**What is required:** Where an entry below contains an image, skip the image and copy the rest exactly.

**Provided records:**
***

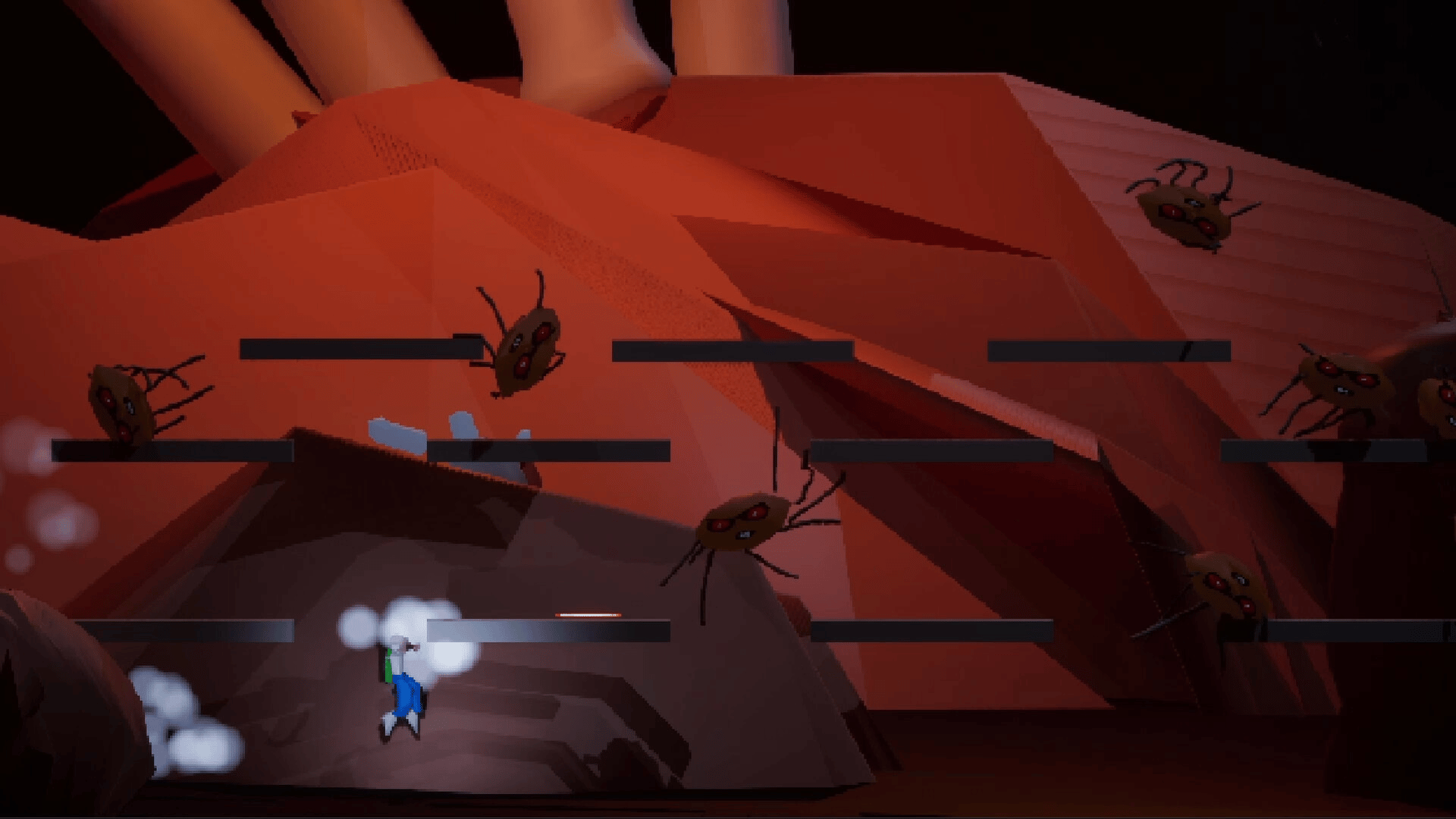 As a temporarily microscopic person in a shrinking robot sphere, swing with your grappling hook up your lead singer's colossal body and invade different parts of his body to shoot the spiders infesting him, in this bold mix of 3d Physics Platformer and 2d Shoot'em'up.
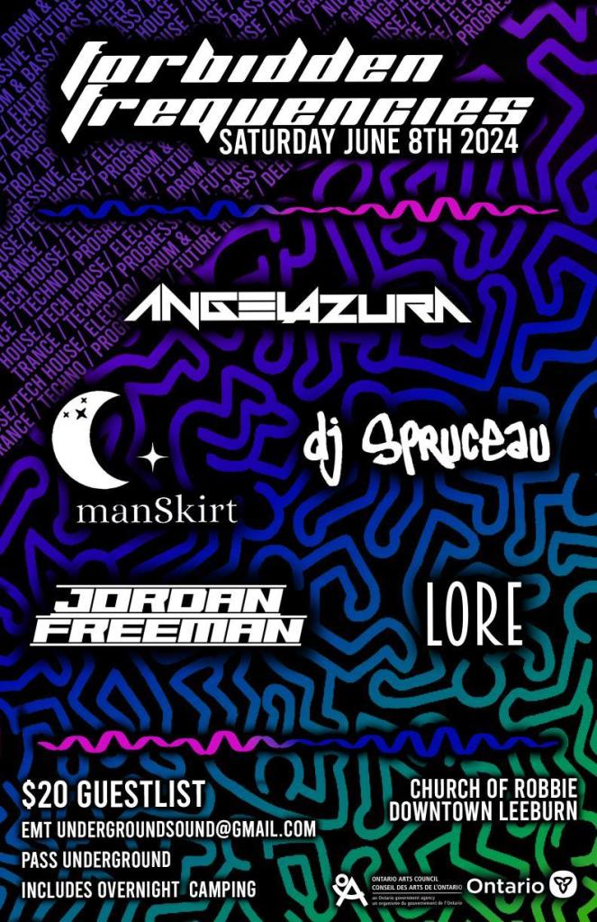 I’ll be heading to Leeburn, ON to join Angelazura, manSkirt, DJ Spruceau and Lore at “Forbidden Frequencies”. The event will take place on June 8th, 2024 at The Church of Robbie, Downtown Leeburn. Tickets are $20 and are available via EMT transfer per the flyer below. Camping included.
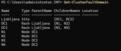 Set-ClusterFaultDomain -Name DC1 -FaultDomain Ljubljana
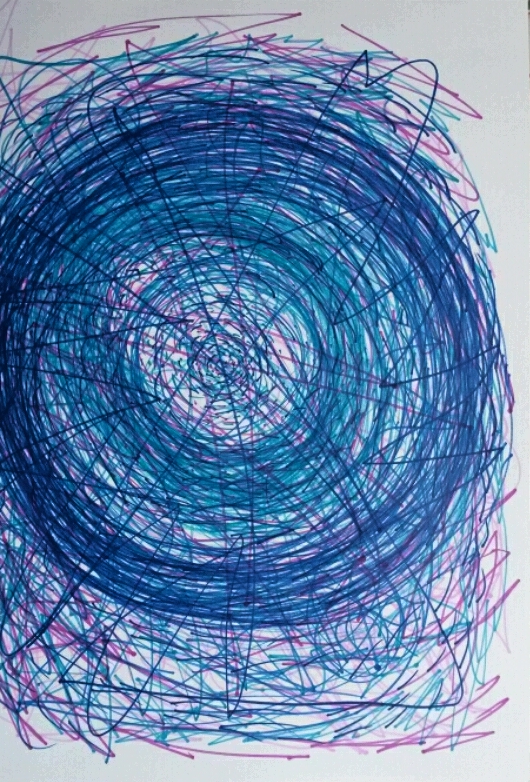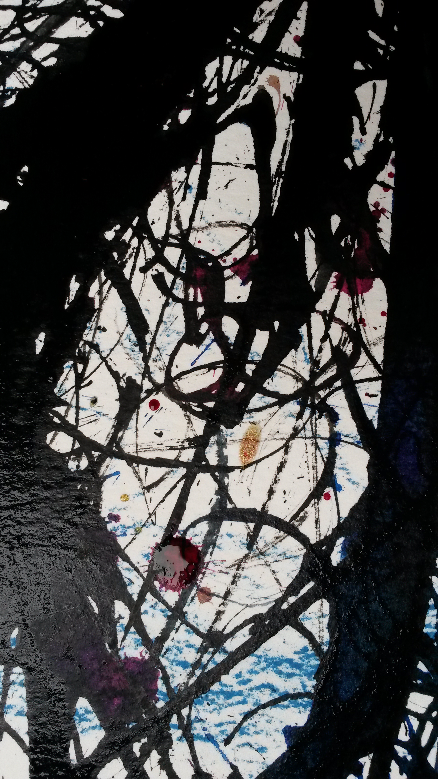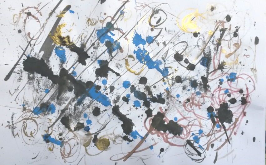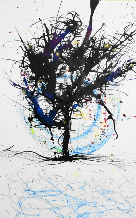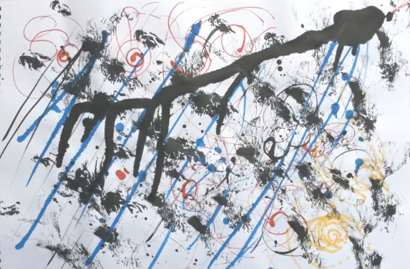 This was done by grabbing a fist of different coloured pastels and responding to the rhythm of the music. Then I splattered some black ink on and drew into this with the handle of a paint brush.
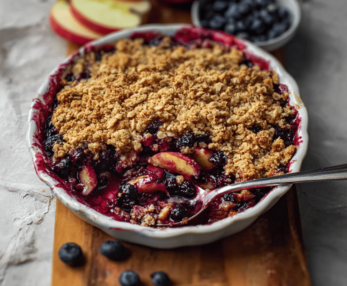 This Apple Blueberry Crisp is a warm and fruity dessert that brings joy to any table! With juicy apples and sweet blueberries topped with a crunchy oat mixture, it’s hard to resist.
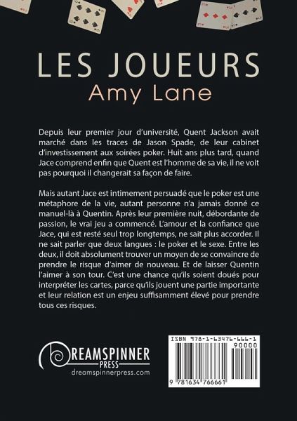 Depuis leur premier jour d¿université, Quent Jackson avait marché dans les traces de Jason Spade, de leur cabinet d¿investissement aux soirées poker. Huit ans plus tard, quand Jace comprend enfin que Quent est l¿homme de sa vie, il ne voit pas pourquoi il changerait sa façon de faire. Mais autant Jace est intimement persuadé que le poker est une métaphore de la vie, autant personne n¿a jamais donné ce manuel-là à Quentin. Après leur première nuit, débordante de passion, le vrai jeu a commencé. L¿amour et la confiance que Jace, qui est resté seul trop longtemps, ne sait plus accorder. Il ne sait parler que deux langues : le poker et le sexe. Entre les deux, il doit absolument trouver un moyen de se convaincre de prendre le risque d¿aimer de nouveau. Et de laisser Quentin l¿aimer à son tour. C¿est une chance qüils soient doués pour interpréter les cartes, parce qüils jouent une partie importante et leur relation est un enjeu suffisamment élevé pour prendre tous ces risques.
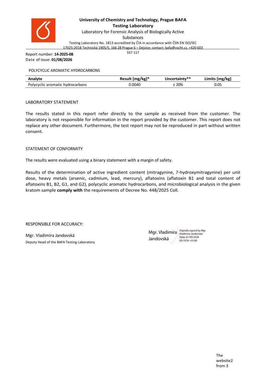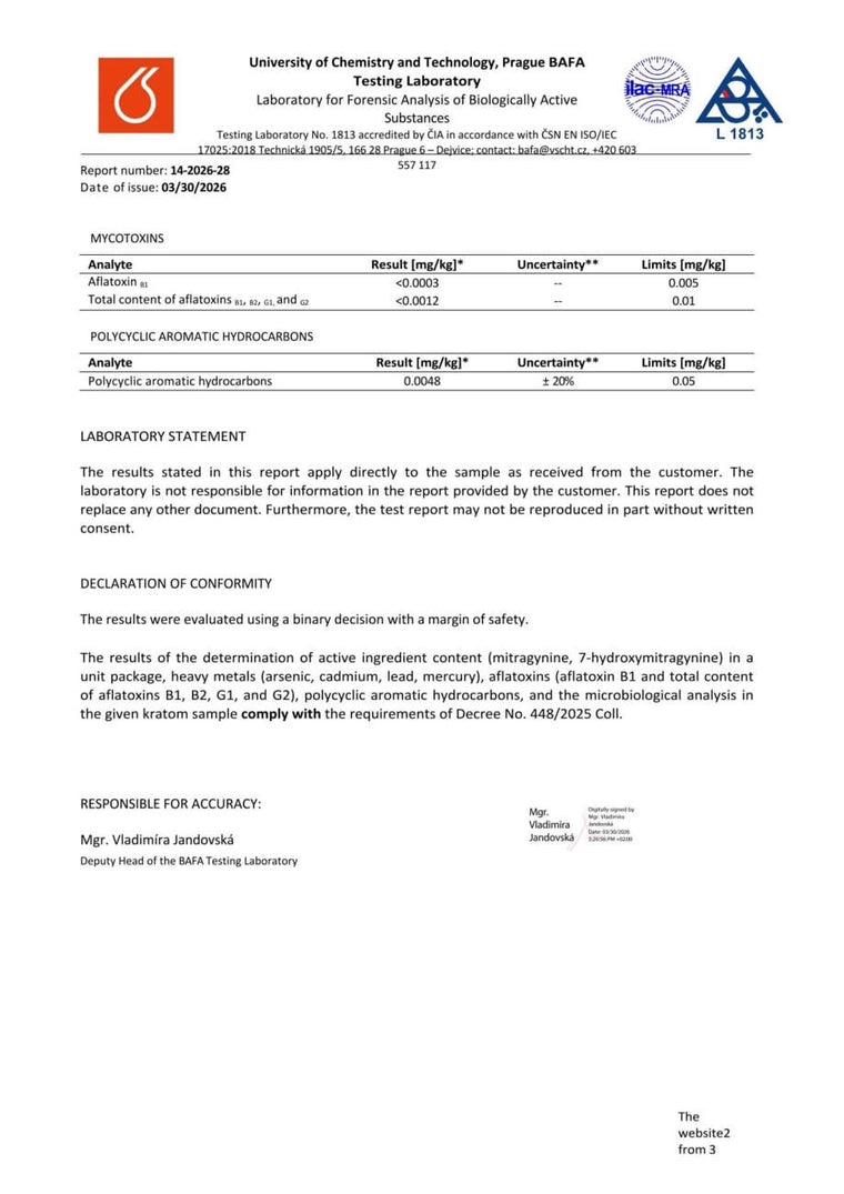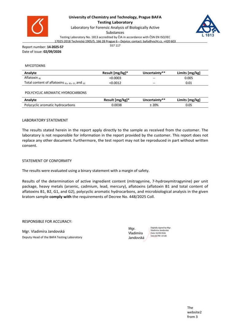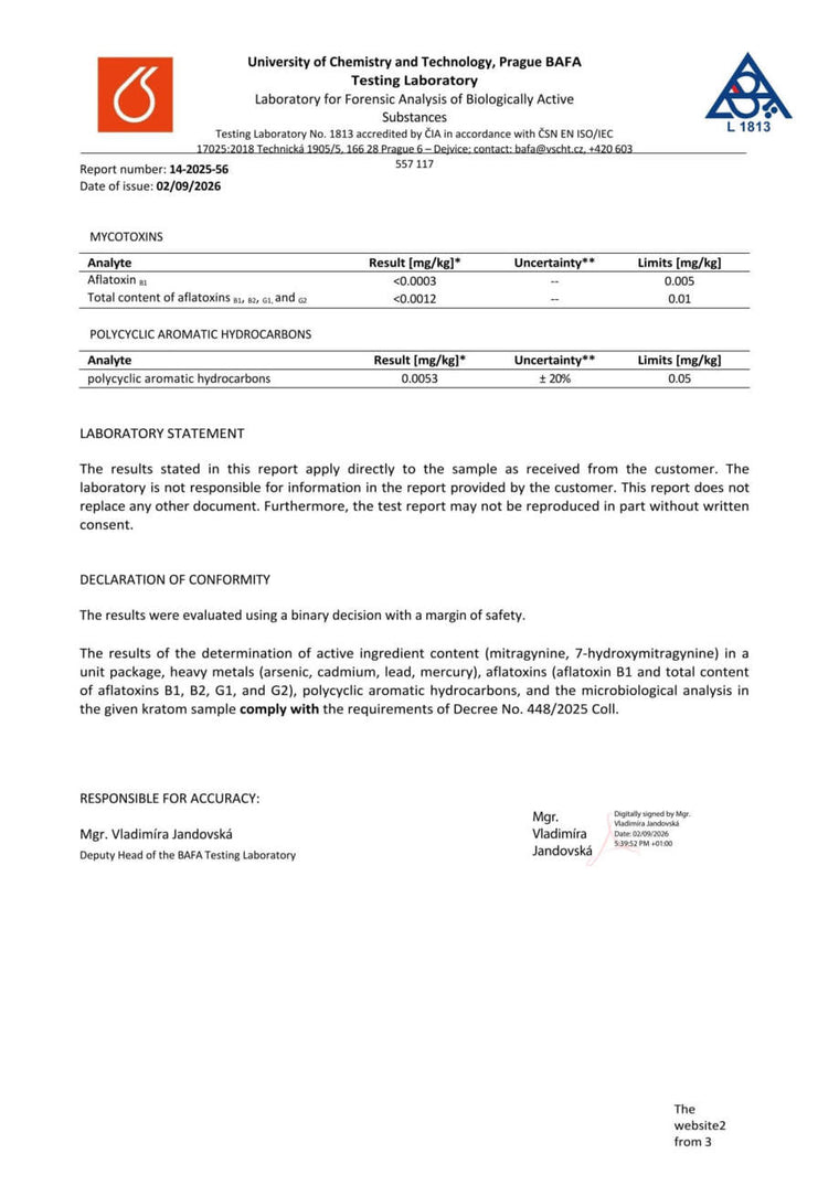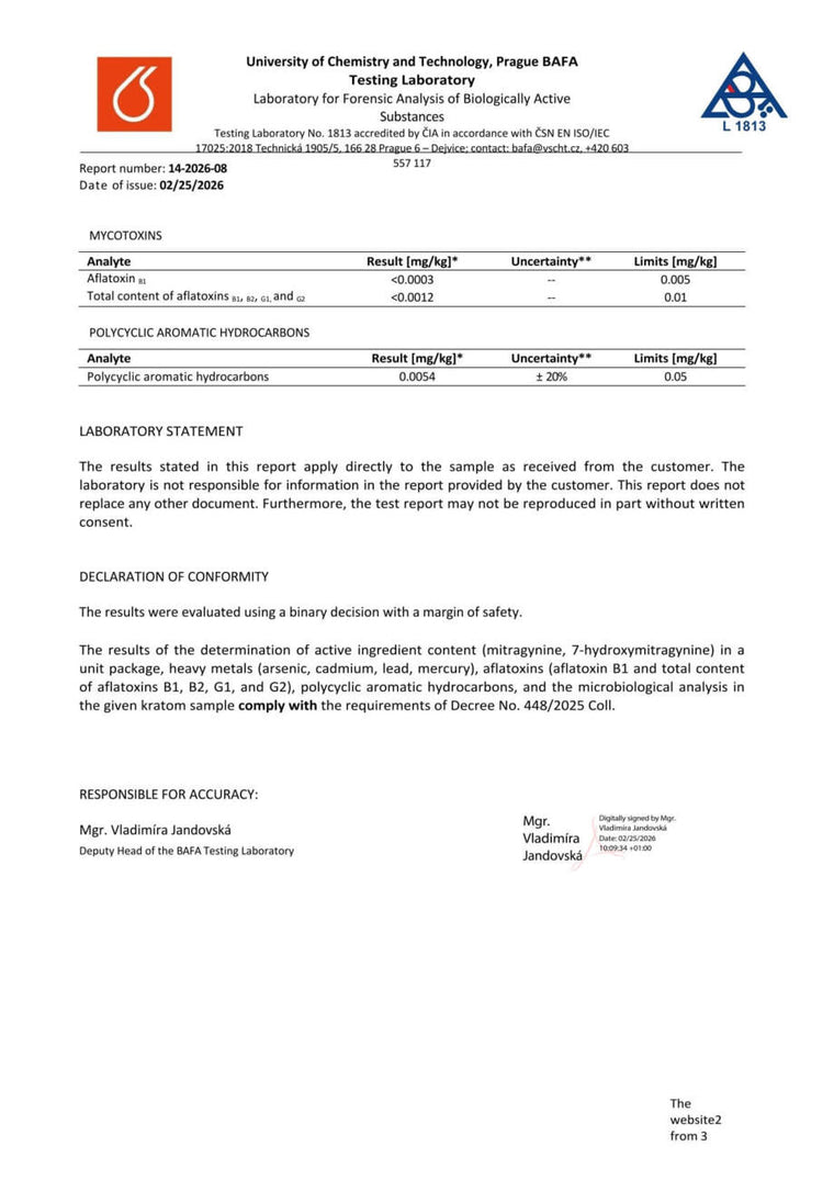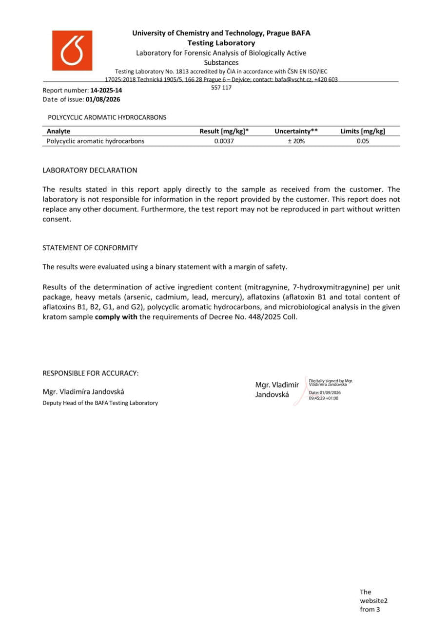 Con nosotros, tiene la seguridad de que está comprando kratom de alta calidad. Cada lote se somete a rigurosas pruebas en la Universidad de Química y Tecnología de Praga, donde se verifica el porcentaje exacto de alcaloides, la presencia de mohos vivos y no vivos, y el contenido de metales pesados. Gracias a ello, se garantiza la pureza, la seguridad y una calidad constante en cada envase.

***

**Output of the task:**
 As a temporarily microscopic person in a shrinking robot sphere, swing with your grappling hook up your lead singer's colossal body and invade different parts of his body to shoot the spiders infesting him, in this bold mix of 3d Physics Platformer and 2d Shoot'em'up.
 I’ll be heading to Leeburn, ON to join Angelazura, manSkirt, DJ Spruceau and Lore at “Forbidden Frequencies”. The event will take place on June 8th, 2024 at The Church of Robbie, Downtown Leeburn. Tickets are $20 and are available via EMT transfer per the flyer below. Camping included.
 Set-ClusterFaultDomain -Name DC1 -FaultDomain Ljubljana
 This was done by grabbing a fist of different coloured pastels and responding to the rhythm of the music. Then I splattered some black ink on and drew into this with the handle of a paint brush.
 This Apple Blueberry Crisp is a warm and fruity dessert that brings joy to any table! With juicy apples and sweet blueberries topped with a crunchy oat mixture, it’s hard to resist.
 Depuis leur premier jour d¿université, Quent Jackson avait marché dans les traces de Jason Spade, de leur cabinet d¿investissement aux soirées poker. Huit ans plus tard, quand Jace comprend enfin que Quent est l¿homme de sa vie, il ne voit pas pourquoi il changerait sa façon de faire. Mais autant Jace est intimement persuadé que le poker est une métaphore de la vie, autant personne n¿a jamais donné ce manuel-là à Quentin. Après leur première nuit, débordante de passion, le vrai jeu a commencé. L¿amour et la confiance que Jace, qui est resté seul trop longtemps, ne sait plus accorder. Il ne sait parler que deux langues : le poker et le sexe. Entre les deux, il doit absolument trouver un moyen de se convaincre de prendre le risque d¿aimer de nouveau. Et de laisser Quentin l¿aimer à son tour. C¿est une chance qüils soient doués pour interpréter les cartes, parce qüils jouent une partie importante et leur relation est un enjeu suffisamment élevé pour prendre tous ces risques.
 Con nosotros, tiene la seguridad de que está comprando kratom de alta calidad. Cada lote se somete a rigurosas pruebas en la Universidad de Química y Tecnología de Praga, donde se verifica el porcentaje exacto de alcaloides, la presencia de mohos vivos y no vivos, y el contenido de metales pesados. Gracias a ello, se garantiza la pureza, la seguridad y una calidad constante en cada envase.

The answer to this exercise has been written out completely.